Deploy exploratory systems for deterministic work and you introduce unnecessary risk. Deploy deterministic systems for work discovery and you can't handle the ambiguity that makes the work valuable.
Evaluation Criteria That Actually Matter
Labor replacement gets evaluated on efficiency. How much faster? How much cheaper? What's the ROI against current headcount?
Work discovery makes those questions meaningless. The ROI wasn't negative. It was negative infinity. The work literally didn't happen.
MIT's NANDA initiative found that only 5% of AI pilot programs achieve rapid revenue acceleration. The vast majority stall because enterprises evaluate work discovery agents using labor replacement criteria, measuring speed and cost reduction for work that never happened in the first place. Wrong category means wrong metrics, which means projects optimized for the wrong outcomes.
Cost Structures Nobody Budgets For
Deterministic systems have predictable compute costs. Non-deterministic systems require more investment in infrastructure, monitoring, and governance. Gartner reports CIOs frequently underestimate AI costs by up to 1,000%. Often because teams budget for deterministic execution but deploy exploratory systems, or provision infrastructure for work discovery but evaluate using labor replacement ROI calculations.
A Framework That Actually Works
Before evaluating any AI agent deployment, ask: Is this work we currently do, or work we've never been able to afford?
Current work means documented processes, existing headcount. Deploy deterministic infrastructure. Evaluate on efficiency metrics. Automating invoice processing that three people handle means measuring speed gains against known workflows with predictable inputs.

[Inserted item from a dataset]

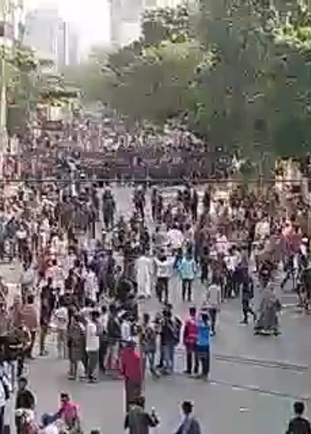large crowd of people in an urban environment. The crowd is dense, and individuals are closely packed together. Many people are moving, but the overall movement is not clearly directed. The scene appears to be a street or open space, with buildings and trees visible in the background. The people are wearing a variety of clothing. Some wear traditional attire, while others have on casual clothes. The camera angle is from an elevated position, giving an overview of the scene. It is not possible to determine the reason for the crowd’s gathering or the location.
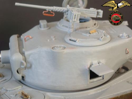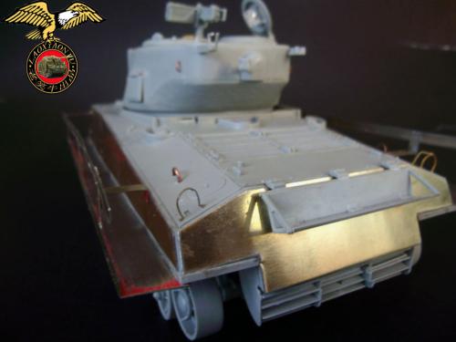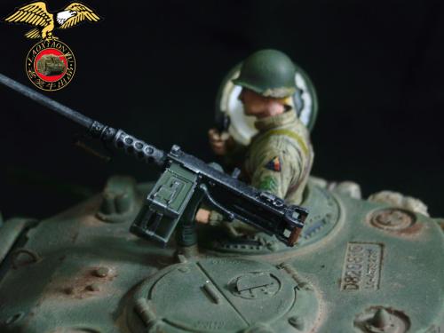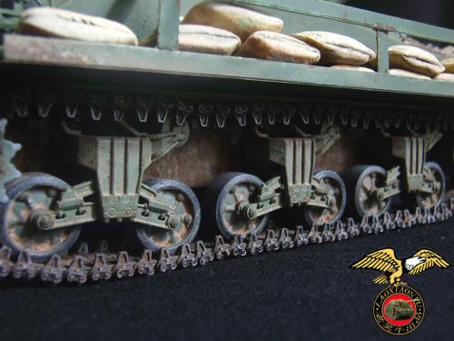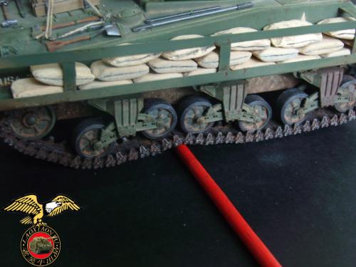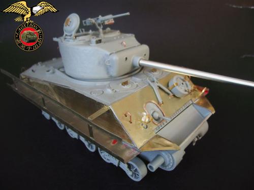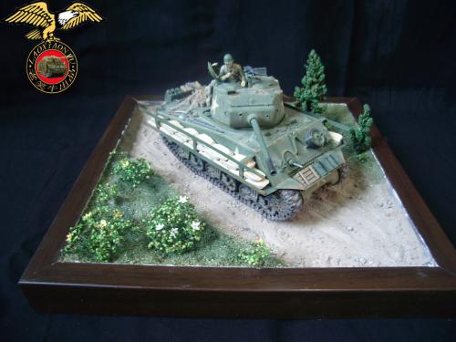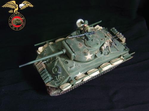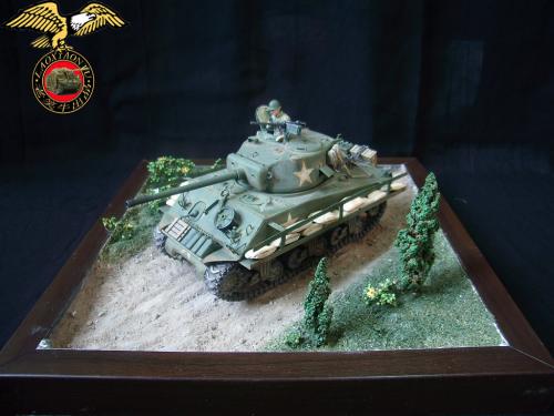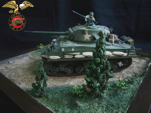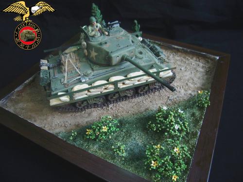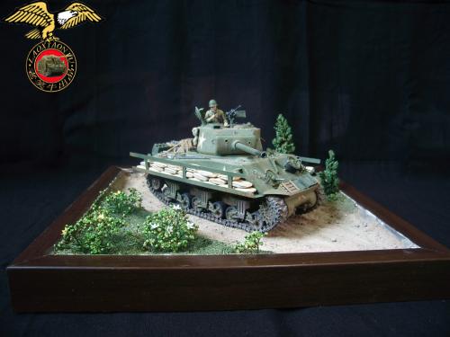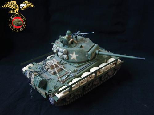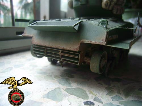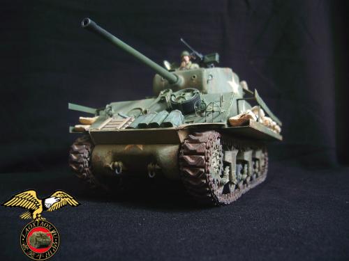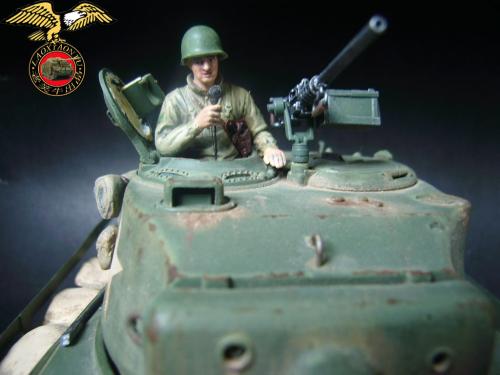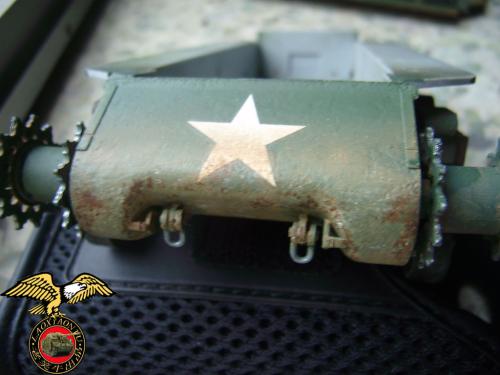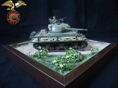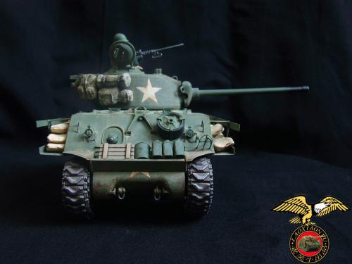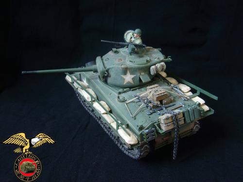 板件用的是龙的6255M4A3,组合上没有很大的困难,不过,素组很慢,时间都花在改造上了。制作中因为对历史资料未加考证,结果犯了一个严重的错误,后期的车我居然安了前期的负重轮(大家可以在素组照片上看到),结果冒着战车毁掉的危险把负重轮换过来了,在这里非常感谢毛毛虫的提醒。在改造方面除了使用模型自带的PE,还使用了自制的PE。舱门全部改成了活动的。最大的工程就是手钻履带了。对我来说做模型最大的快乐一是以自己有限的能力来完成改造方面的问题,没有必要全部拿钱来解决(纯属个人意见);二就是在完成品出来以后,达到了自己的预期效果,这个时候的心情是无与伦比的。在涂装上采用了常规的美军绿,然后用油画色渍洗、干扫。最后旧化:点掉漆、流锈、滤镜。 对于情景得设置各位看着可能有些不协调:一个是战争机器,冷酷无情;一个是花草树木,生机勃勃。不过我要的就是这种不和谐的效果。试想,在战争时期有多少不和谐的画面映入我们的眼帘,侵略、杀戮比比皆是。本来美好的家园让侵略者无情的践踏。场景中的绿色植物和美丽的花草象征着和平的景象,而那部无情的战争机器在这里却代表着正义为了美好的家园和世界的和平冲向前方。

Impossible work means analyzing thousands of contracts, monitoring fragmented web surfaces, extracting patterns from massive unstructured datasets. Deploy exploratory infrastructure. Evaluate on capability unlock. Analyzing competitive pricing across 10,000 web surfaces that no human team ever monitored means measuring insights discovered, not labor saved.
Most enterprises need both. The question is recognizing which category you're in and building accordingly. Mix them up and you'll abandon projects before production, not because the technology failed, but because you built the wrong thing.
The category distinction shows up in every deployment decision. Replacing three contract analysts versus discovering upsell opportunities in 50,000 agreements no one ever read. Automating existing price checks versus monitoring competitive intelligence across thousands of web surfaces. Efficiency gains versus capability unlock.
Get it right, and you're building toward Levie's prediction: 95% of agent work on tasks humans never did before. That's not automation. That's capability unlock that changes what your business can do.
Things to follow up on...
-
MIT's deeper findings: The GenAI Divide report reveals that purchasing AI tools from specialized vendors succeeds about 67% of the time, while internal builds succeed only one-third as often.
-
Infrastructure readiness gap: Nearly half of enterprises report their existing integration platforms are only "somewhat ready" for AI's data demands, with 42% needing access to eight or more data sources to deploy agents successfully.
-
The scaling challenge: While 79% of organizations have adopted AI agents to some extent, McKinsey found that only 23% are actually scaling agentic AI systems across their enterprises.
-
Cost underestimation patterns: More than 90% of CIOs find that data preparation and compute costs limit their ability to get value from AI, with proof-of-concept phases alone ranging from $300k to $2.9M.